**WORK REQUIRED**
The output must match the lines from the first line of the listing below through the line holding "Het zachtste draadloze" exactly and must contain no pictures.

(DATA FOR THIS TASK)

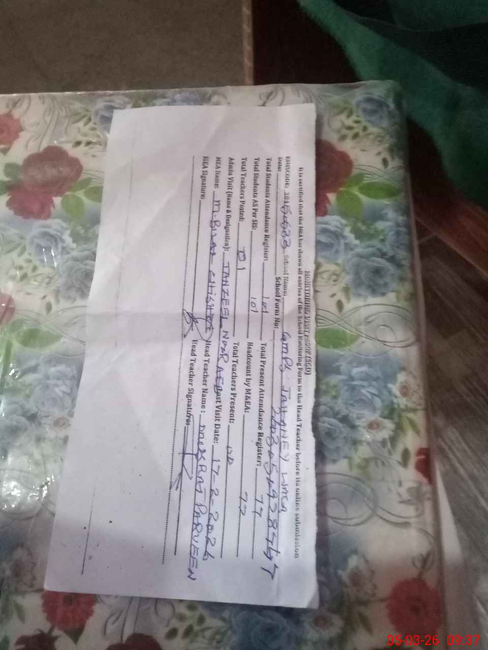 | Attendance Register | Head Teacher | MEA with School | Visit Proof |
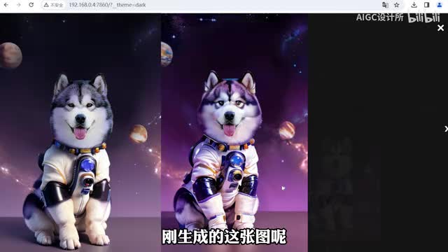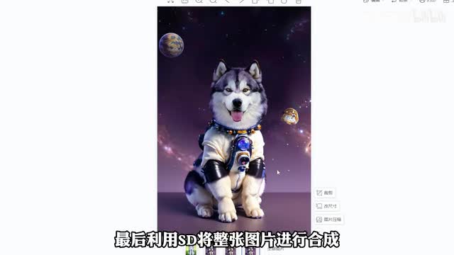 最近创意a i写真火爆全网,之前博主也是有出过教程,这次给大家带来了全新的宠物a i创意的教程。话不多说,我们直接进入正题。制作一张图的流程如下,首先用s d进行偷拍,得到一张可爱的哈士奇宇航服照片。
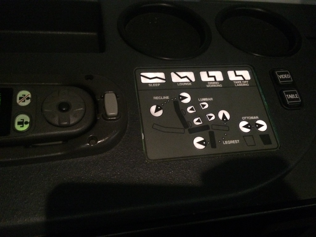 In der Seitenkonsole des Sitzes findet man neben dem Tisch und der Sitzverstellung auch noch einige Ablagen. Auch wenn es nicht viele Ablagen sind, hatte ich nie Probleme, alles was ich während des Fluges benötigte zu verstauen.
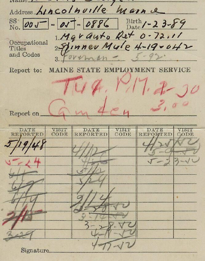 Identification card issued to George E. Nichols by the Maine State Employment Service.
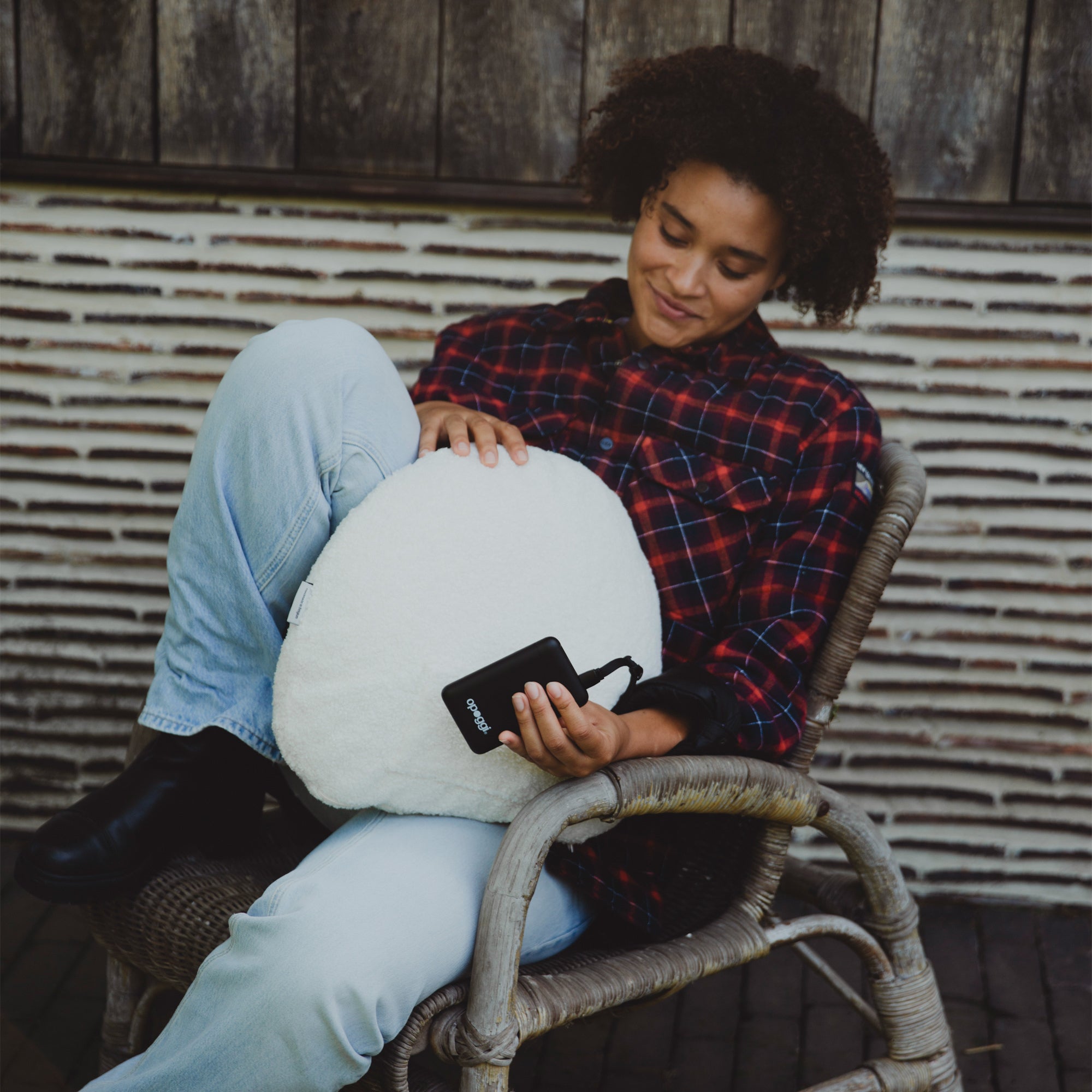 Het zachtste draadloze warmtekussen met infrarood technologie en oplaadbare batterij.
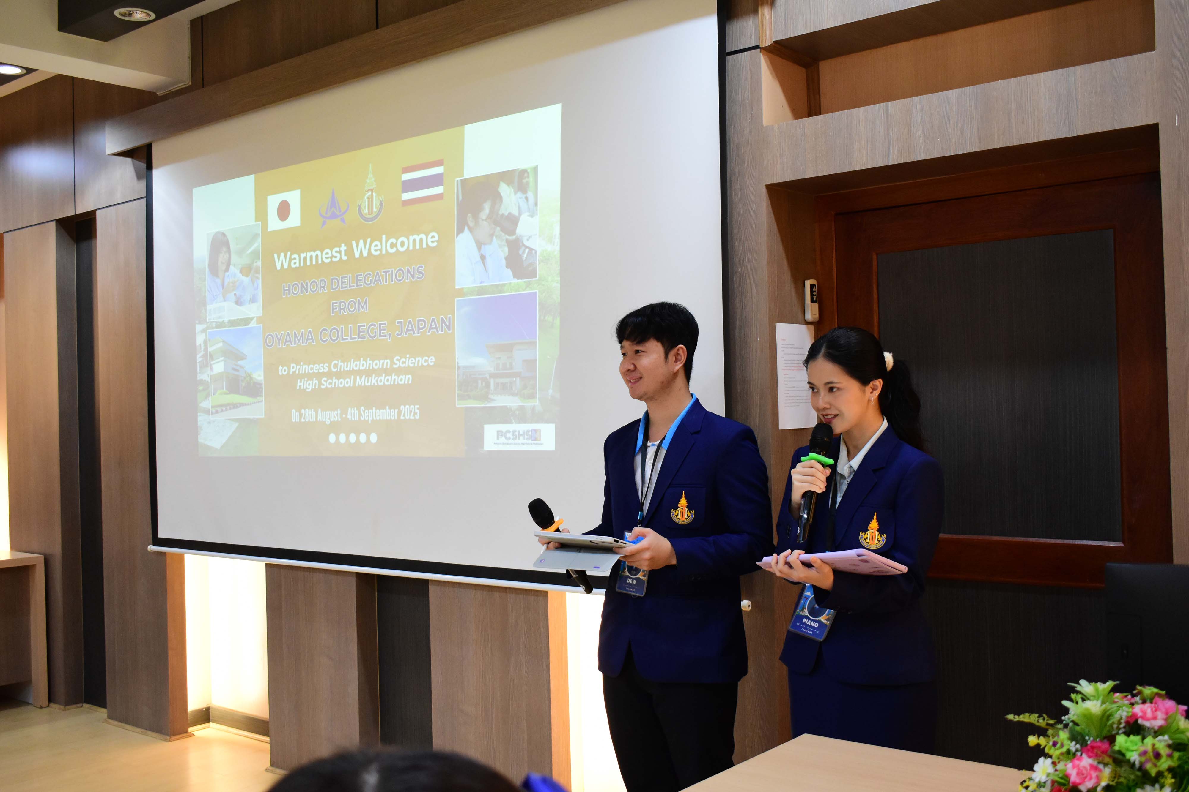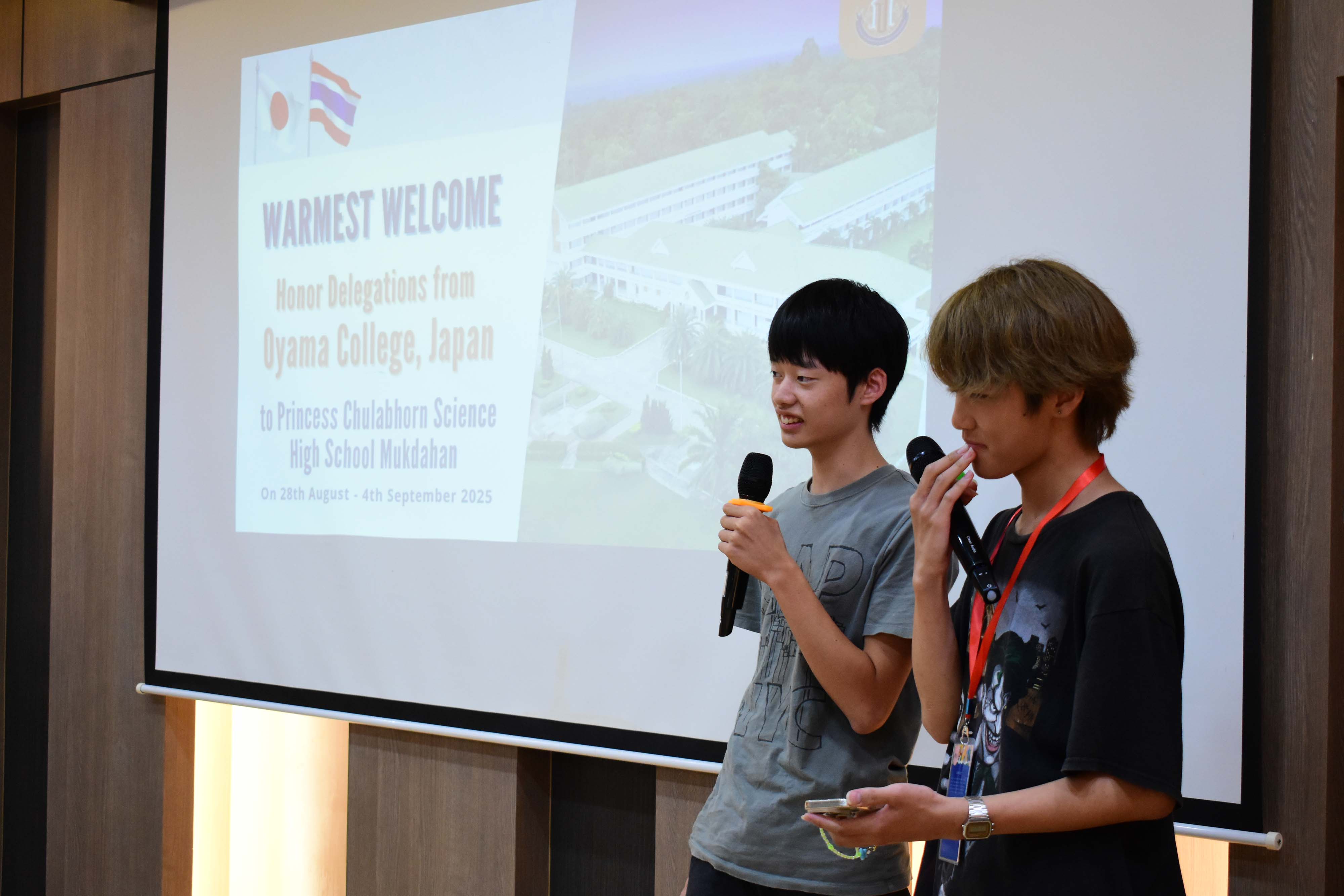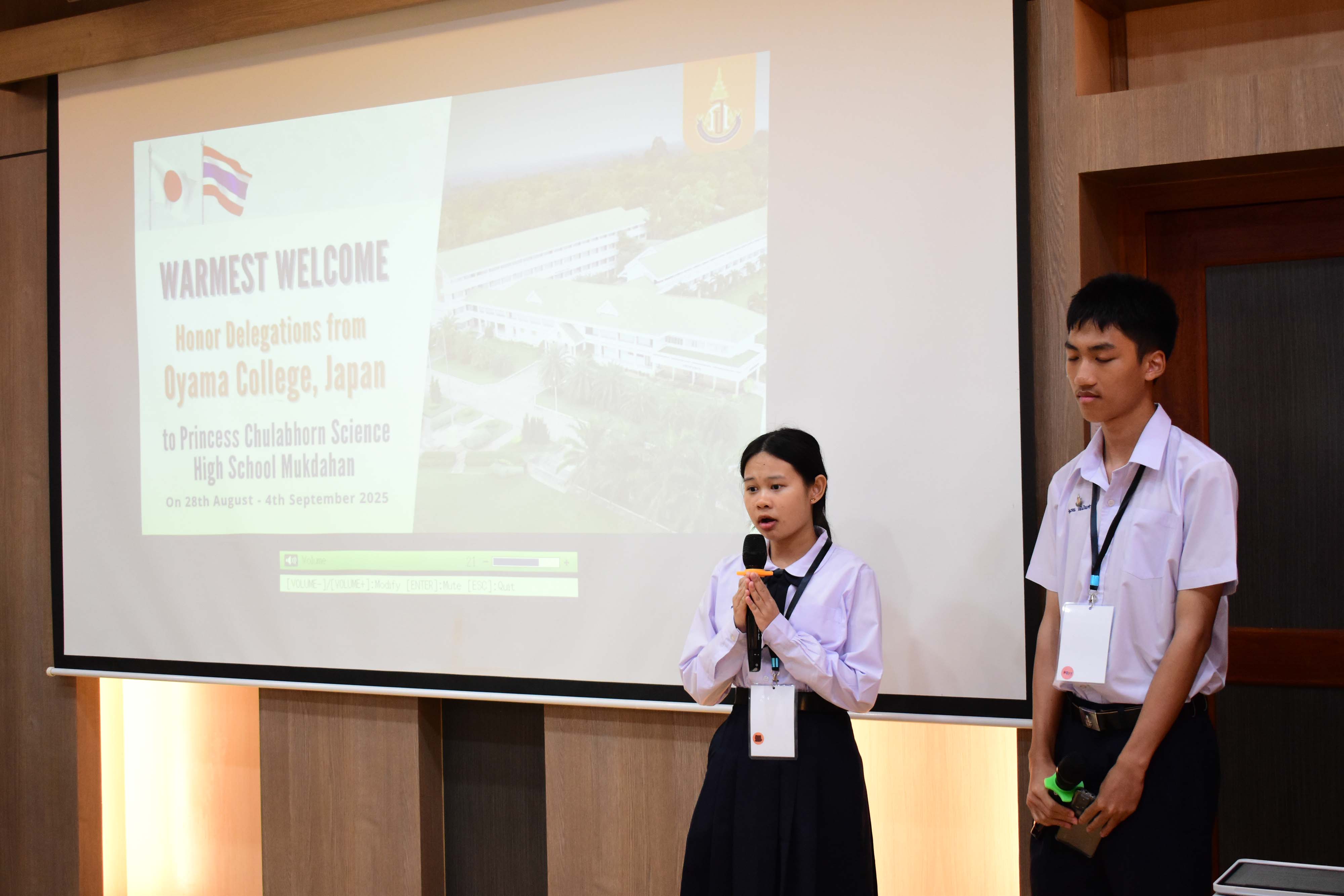 โรงเรียนวิทยาศาสตร์จุฬาภรณราชวิทยาลัย มุกดาหาร จัดกิจกรรมแลกเปลี่ยนทางวิชาการกับสถาบัน Oyama College (KOSEN) ประเทศญี่ปุ่น ประจำปีการศึกษา 2568 โดยนายศักดิ์ รุ่งแสง ผู้อำนวยการโรงเรียนวิทยาศาสตร์จุฬาภรณราชวิทยาลัย มุกดาหาร นำคณะผู้บริหาร ครู และนักเรียน ร่วมต้อนรับคณะผู้บริหารและนักเรียนจากสถาบัน Oyama College ประเทศญี่ปุ่น ในวันศุกร์ที่ 29 สิงหาคม พ.ศ. 2568 เวลา 08.15 น. ณ หอประชุมโรงเรียน ซึ่งกิจกรรมในครั้งนี้จัดขึ้นในระหว่างวันที่ 28 สิงหาคม - 4 กันยายน พ.ศ. 2568 เพื่อให้นักเรียนมีทักษะการใช้ภาษาต่างประเทศและเทคโนโลยีสารสนเทศได้อย่างมีประสิทธิภาพในระดับเดียวกันกับนักเรียนของโรงเรียนวิทยาศาสตร์ชั้นนำของนานาชาติ

(End DATA FOR THIS TASK)

**EXERCISE RESPONSE**
 | Attendance Register | Head Teacher | MEA with School | Visit Proof |
 最近创意a i写真火爆全网,之前博主也是有出过教程,这次给大家带来了全新的宠物a i创意的教程。话不多说,我们直接进入正题。制作一张图的流程如下,首先用s d进行偷拍,得到一张可爱的哈士奇宇航服照片。
 In der Seitenkonsole des Sitzes findet man neben dem Tisch und der Sitzverstellung auch noch einige Ablagen. Auch wenn es nicht viele Ablagen sind, hatte ich nie Probleme, alles was ich während des Fluges benötigte zu verstauen.
 Identification card issued to George E. Nichols by the Maine State Employment Service.
 Het zachtste draadloze warmtekussen met infrarood technologie en oplaadbare batterij.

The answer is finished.